- Opening Delimiter -
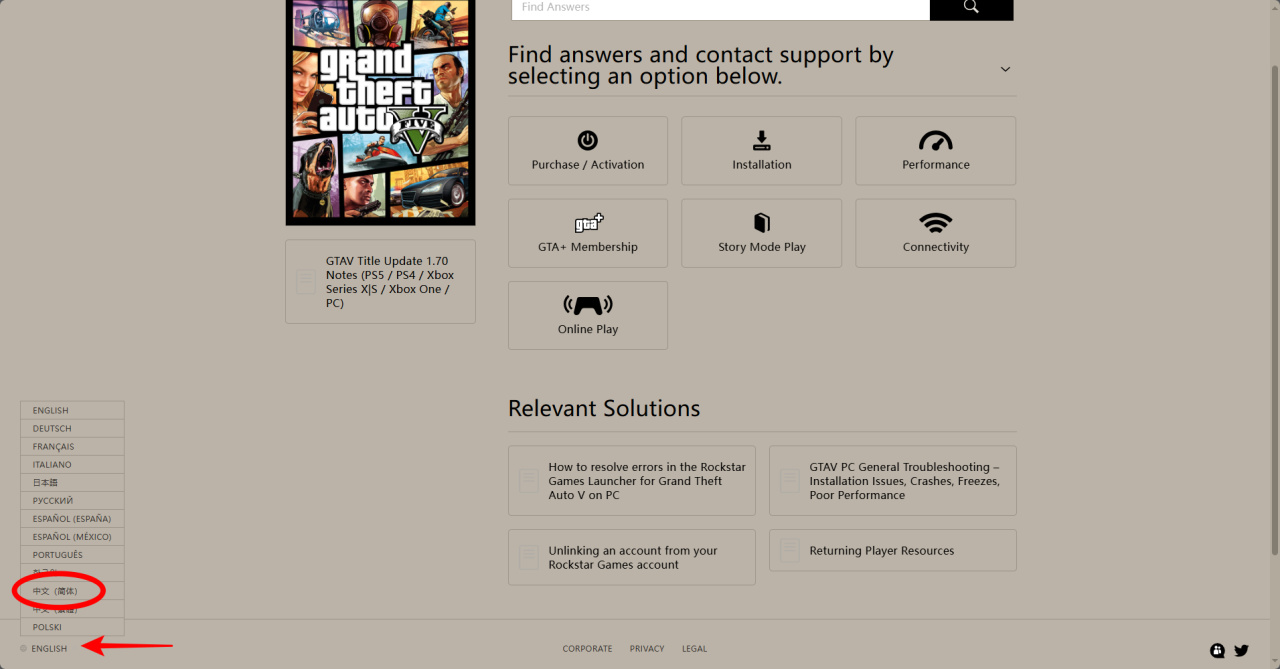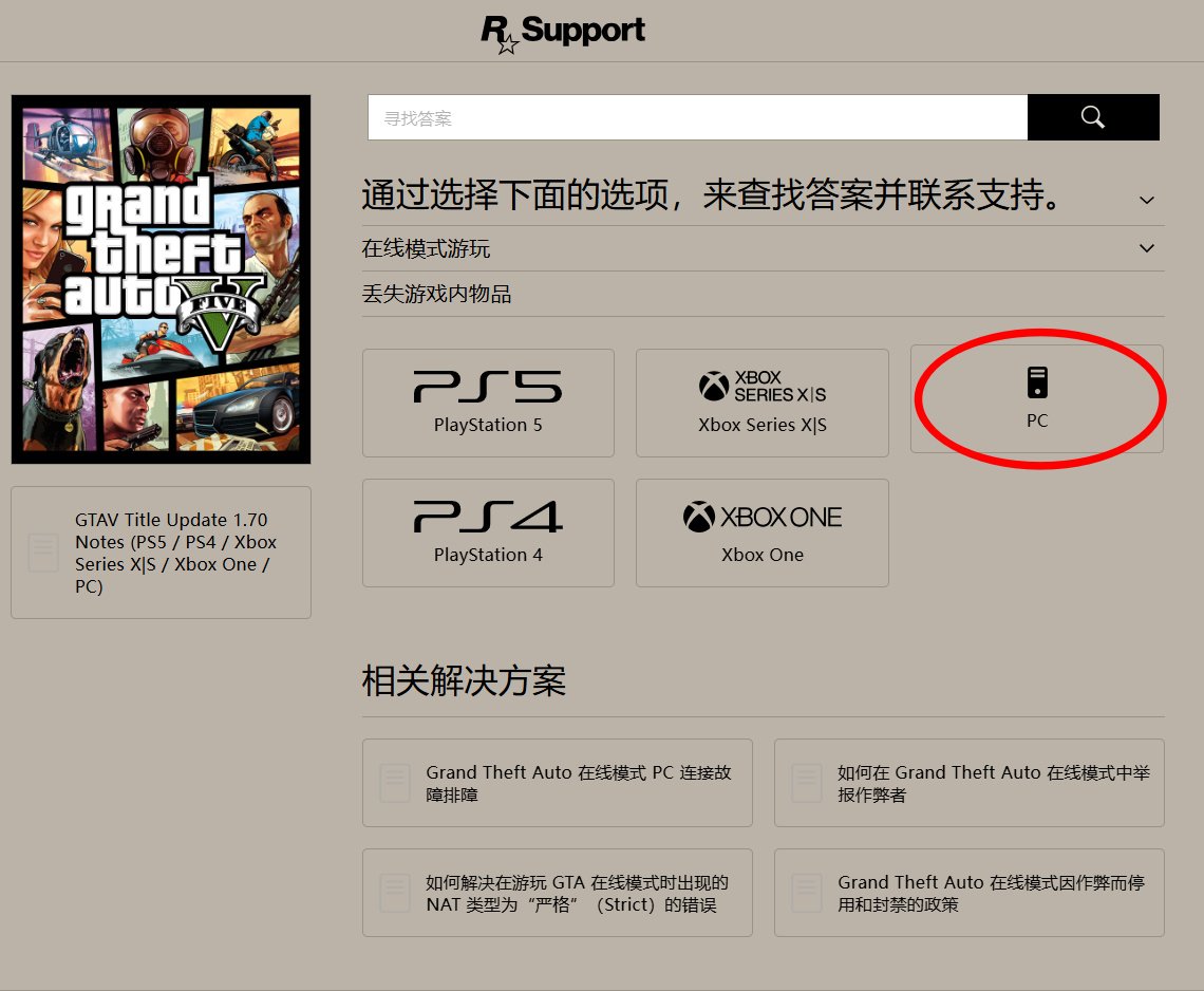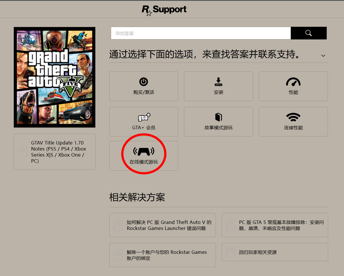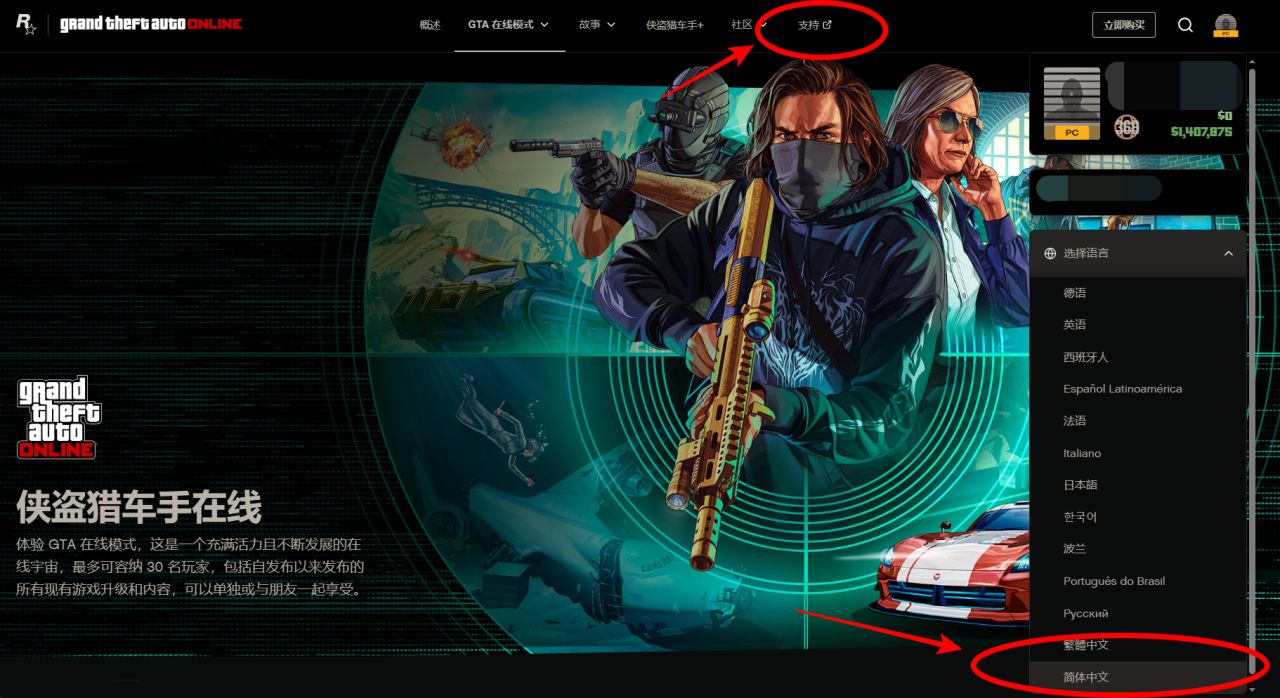 2.進入R星官網,設置語言簡體中文,選擇上邊“支持”選項
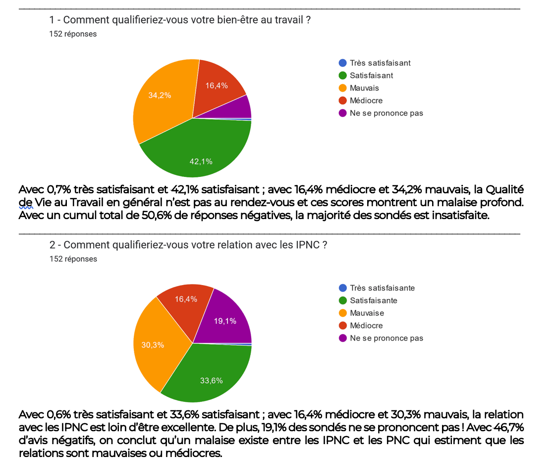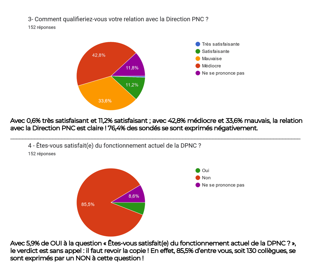 Sachez que le SNPNC-FO a déjà alerté à maintes reprises notre Direction qu’un mal-être gangrène la corporation PNC. L’entreprise, jusqu’à aujourd’hui, ne semble pas nous écouter et c’est bien pour cela que nous vous avons proposé ce sondage, pour vous laisser la parole. Il serait temps que les problématiques trouvent solutions, que le PNC soit considéré et reconnu.
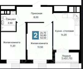 Продается 2-комн. квартира, 53 м²
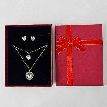 Set accesorii Feeling, lantisor cu cristale din zirconiu si cercei, in cutie eleganta, Argintiu
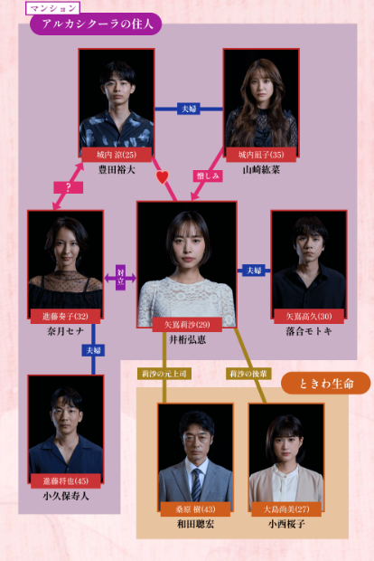 • 矢嶌莉沙(井桁弘恵)…結婚3年目。妊活中であったが夫・高久の不倫疑惑が浮上。
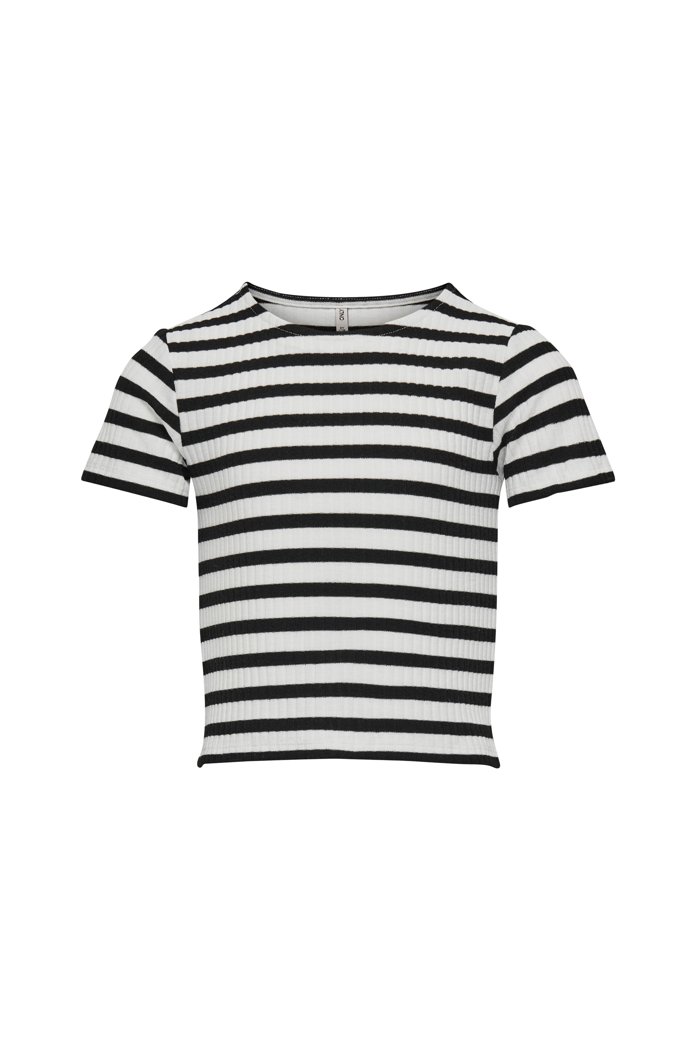 • Stribet, elastisk top i viskoseblanding• Rund halsudskæring• Korte ærmer
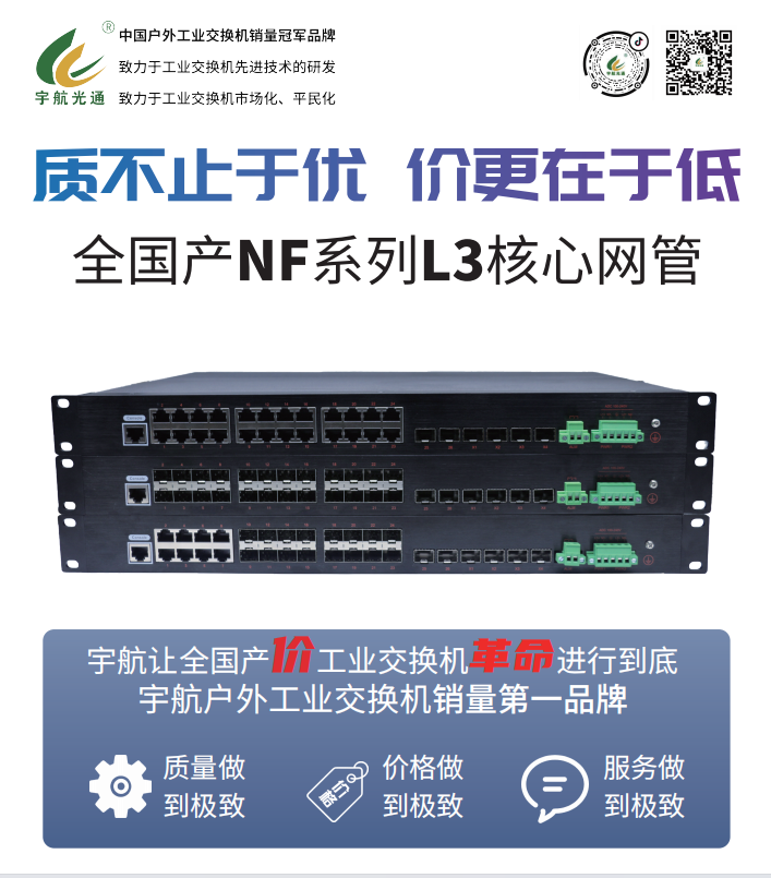 宇航全國產工業交換機系列已實現整體升級,邁上全新臺階,本次重點展示的全國產萬兆核心與二層交換機,徹底證明了國產方案已能無縫替代美系、臺系產品,且不懼性能比較,全國產工業交換機已告別“可用”,進入“好用””的全新階段。我們提供多樣化的規格選擇,以滿足您不同場景的嚴苛需求。
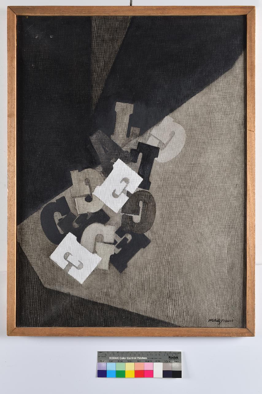 - NOTIZIE STORICO CRITICHE L'opera porta la data del 1973 e il nome del suo autore si ritrova nel catalogo della mostra-vendita organizzata da ANPI nel 1974. Dall'8 al 30 giugno 1974 di quell'anno, venne infatti aperta, nella Sala della Balla al Castello Sforzesco di Milano, una grande esposizione nazionale che riuniva un imponente numero di opere d'arte, divise in una sezione storica e in una parte riservata ad artisti della piena contemporaneità. Lo scopo di questa esposizione, che si intitolava "Mostra vendita di opere d'arte a favore della Resistenza internazionale", è ben specificato nei documenti che la testimoniano, conservati presso l'archivio della Fondazione ISEC di Sesto San Giovanni. Per la parte di arte contemporanea le opere erano donate dai loro autori ad ANPI per essere vendute: il ricavato sarebbe stato impiegato a sostegno della "Resistenza internazionale e delle lotte contro ogni forma di fascismo risorgente". \nSebbene il nome dell'artista non compaia nei documenti concernenti l'esposizione conservati presso ISEC di Sesto San Giovanni, nel catalogo della mostra l'autore della tela è invece precisamente segnato.\nEsiste peraltro un cartellino, ormai staccato dal quadro e mancante della parte inferiore ma chiaramente connesso con l'opera e riferibile all'esposizione del 1974, che conferma in modo assoluto la presenza della tela all'esposizione; in esso si legge, scritto a stampa e in corsivo: A.N.P.I. / ASSOCIAZIONE NAZIONALE PARTIGIANI D'ITALIA / COMITATO NAZIONALE / MOSTRA ARTI FIGURATIVE / 27/3/1974 N. / Maestro Vittorio Magnani / Via Corso S. Gottardo 3 / Tel. Città Milano / Titolo dell'opera La legge / Misura 73 x 65/ Anno di produzione 1973/ 600.000.\nSi ritiene pertanto che il dipinto provenga da quella particolare rassegna, essendo rimasto nella proprietà di ANPI per donazione dell'autore.\nVittorio Magnani nasce a Noceto (PR) nel 1912. Studia all'Accademia di Brera di Milano, sotto la guida di Aldo Carpi. Partecipa alla lotta partigiana, realizzando anche disegni sul tema della Resistenza, oggi conservati nella raccolta di Mario De Micheli; nel dopoguerra di trasferisce a Milano, dove sviluppa la sua carriera artistica, inizialmente ispirata al clima dell'arte informale e quindi maturata in una dimensione di linguaggio astratto dalla raffinata comunicazione mentale. La sua pittura è protagonista di varie esposizioni personali, in Italia e in Svizzera, mentre è presente alla Quadriennale di Roma nel 1965. L'artista è morto a Milano nel 1994.\n\n
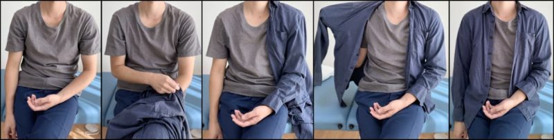 <前びらき・Tシャツの脱ぎ方>
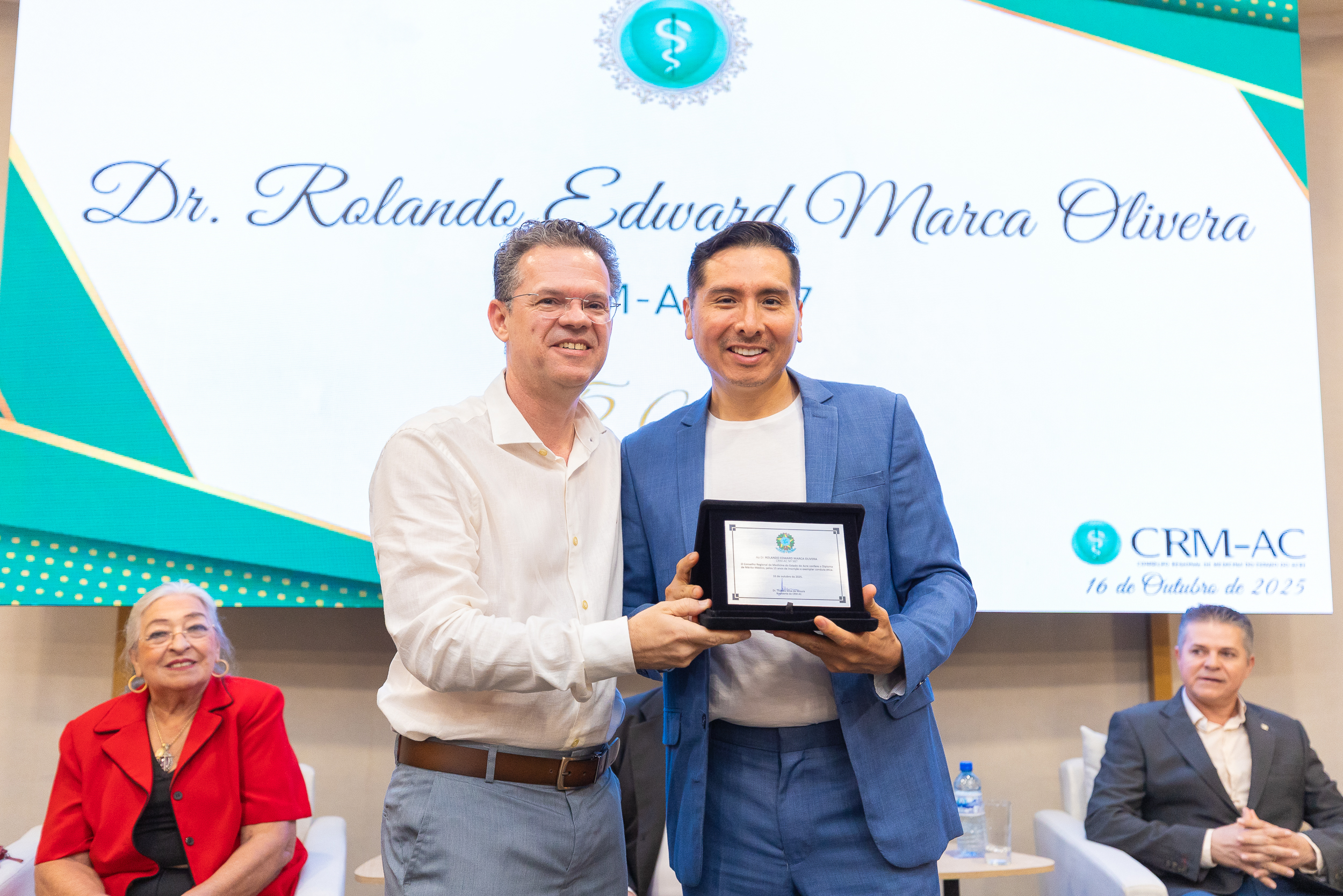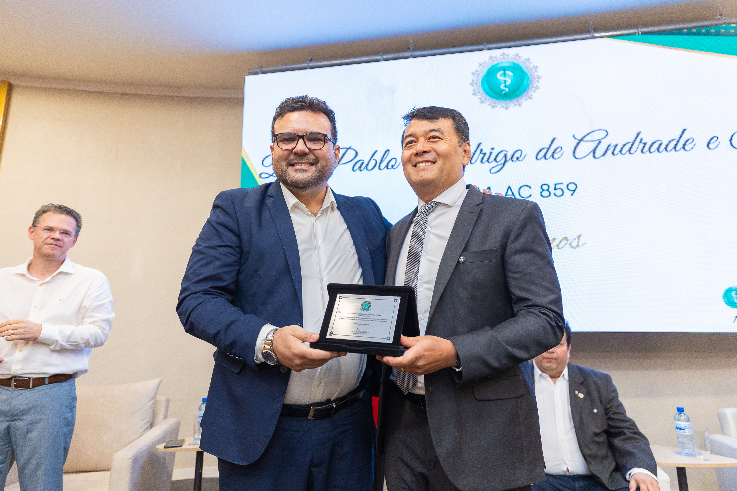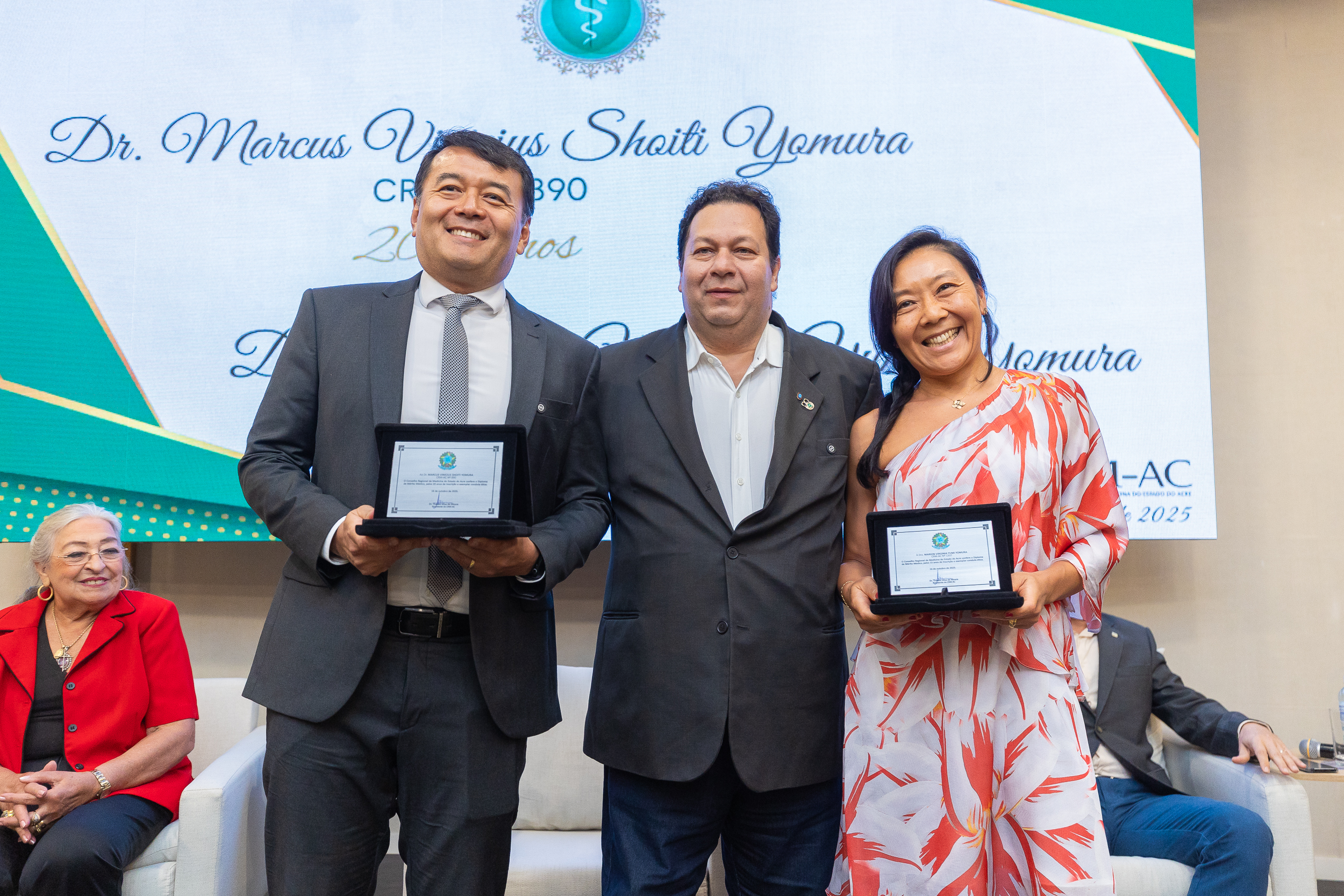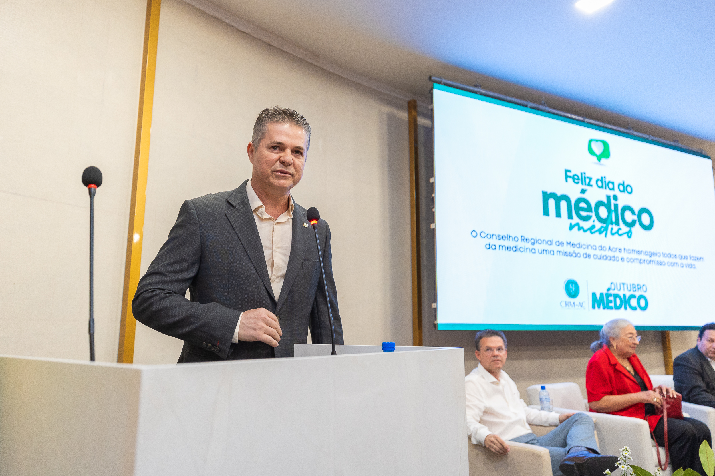 A cerimônia contou com a presença do presidente do CRM-AC, Dr. Thadeu Moura, do 1º secretário Dr. Alan Areal, representando a conselheira federal Dra. Dilza Ribeiro, da conselheira titular Dra. Maria das Graças Ribeiro de Moura Leite, do Dr. Osvaldo de Sousa Leal Júnior, representando o Sindmed, e dos presidentes da Unimed Rio Branco, Dr. Marcus Vinicius Shoiti Yomura, e do Sicoob Uni Acre, Dr. Arnaldo Thomaz Cordeiro Barbosa.
- Closing Delimiter -
**Exercise brief:** Leaving all pictures out, output exactly the lines of the material above from the line with "Set accesorii Feeling, lantisor" to the line with "宇航全國產工業交換機系列已實", both included.

**Response:**
 Set accesorii Feeling, lantisor cu cristale din zirconiu si cercei, in cutie eleganta, Argintiu
 • 矢嶌莉沙(井桁弘恵)…結婚3年目。妊活中であったが夫・高久の不倫疑惑が浮上。
 • Stribet, elastisk top i viskoseblanding• Rund halsudskæring• Korte ærmer
 宇航全國產工業交換機系列已實現整體升級,邁上全新臺階,本次重點展示的全國產萬兆核心與二層交換機,徹底證明了國產方案已能無縫替代美系、臺系產品,且不懼性能比較,全國產工業交換機已告別“可用”,進入“好用””的全新階段。我們提供多樣化的規格選擇,以滿足您不同場景的嚴苛需求。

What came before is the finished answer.